**Material supplied:**
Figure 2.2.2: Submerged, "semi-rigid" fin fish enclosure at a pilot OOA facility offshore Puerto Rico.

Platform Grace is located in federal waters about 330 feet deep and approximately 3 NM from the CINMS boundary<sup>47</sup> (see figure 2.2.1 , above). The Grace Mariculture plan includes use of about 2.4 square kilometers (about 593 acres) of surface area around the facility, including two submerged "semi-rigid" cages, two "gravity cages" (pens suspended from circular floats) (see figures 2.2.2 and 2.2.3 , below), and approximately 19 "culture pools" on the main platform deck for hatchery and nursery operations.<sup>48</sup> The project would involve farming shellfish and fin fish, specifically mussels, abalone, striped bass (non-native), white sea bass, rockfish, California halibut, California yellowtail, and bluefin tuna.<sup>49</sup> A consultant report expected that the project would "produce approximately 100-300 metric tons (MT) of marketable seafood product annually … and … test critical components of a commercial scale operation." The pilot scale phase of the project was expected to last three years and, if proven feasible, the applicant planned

* * *

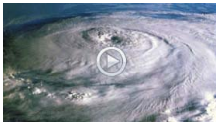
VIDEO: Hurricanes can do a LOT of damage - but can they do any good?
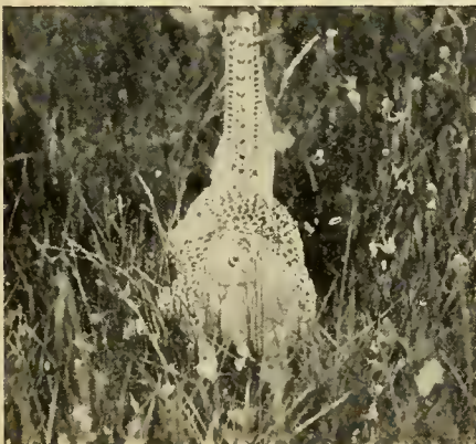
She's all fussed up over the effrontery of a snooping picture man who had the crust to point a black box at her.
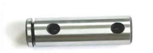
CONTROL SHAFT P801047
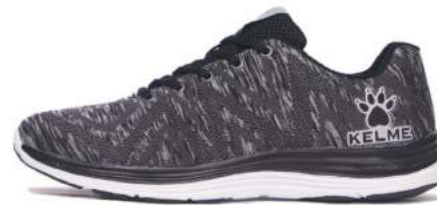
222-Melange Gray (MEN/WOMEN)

**Work required:** Repeat, exactly as they stand above, the lines from the line with "offshore Puerto Rico." to the line with "Platform Grace is", both lines included.

**Written solution:**
Figure 2.2.2: Submerged, "semi-rigid" fin fish enclosure at a pilot OOA facility offshore Puerto Rico.

Platform Grace is located in federal waters about 330 feet deep and approximately 3 NM from the CINMS boundary<sup>47</sup> (see figure 2.2.1 , above). The Grace Mariculture plan includes use of about 2.4 square kilometers (about 593 acres) of surface area around the facility, including two submerged "semi-rigid" cages, two "gravity cages" (pens suspended from circular floats) (see figures 2.2.2 and 2.2.3 , below), and approximately 19 "culture pools" on the main platform deck for hatchery and nursery operations.<sup>48</sup> The project would involve farming shellfish and fin fish, specifically mussels, abalone, striped bass (non-native), white sea bass, rockfish, California halibut, California yellowtail, and bluefin tuna.<sup>49</sup> A consultant report expected that the project would "produce approximately 100-300 metric tons (MT) of marketable seafood product annually … and … test critical components of a commercial scale operation." The pilot scale phase of the project was expected to last three years and, if proven feasible, the applicant planned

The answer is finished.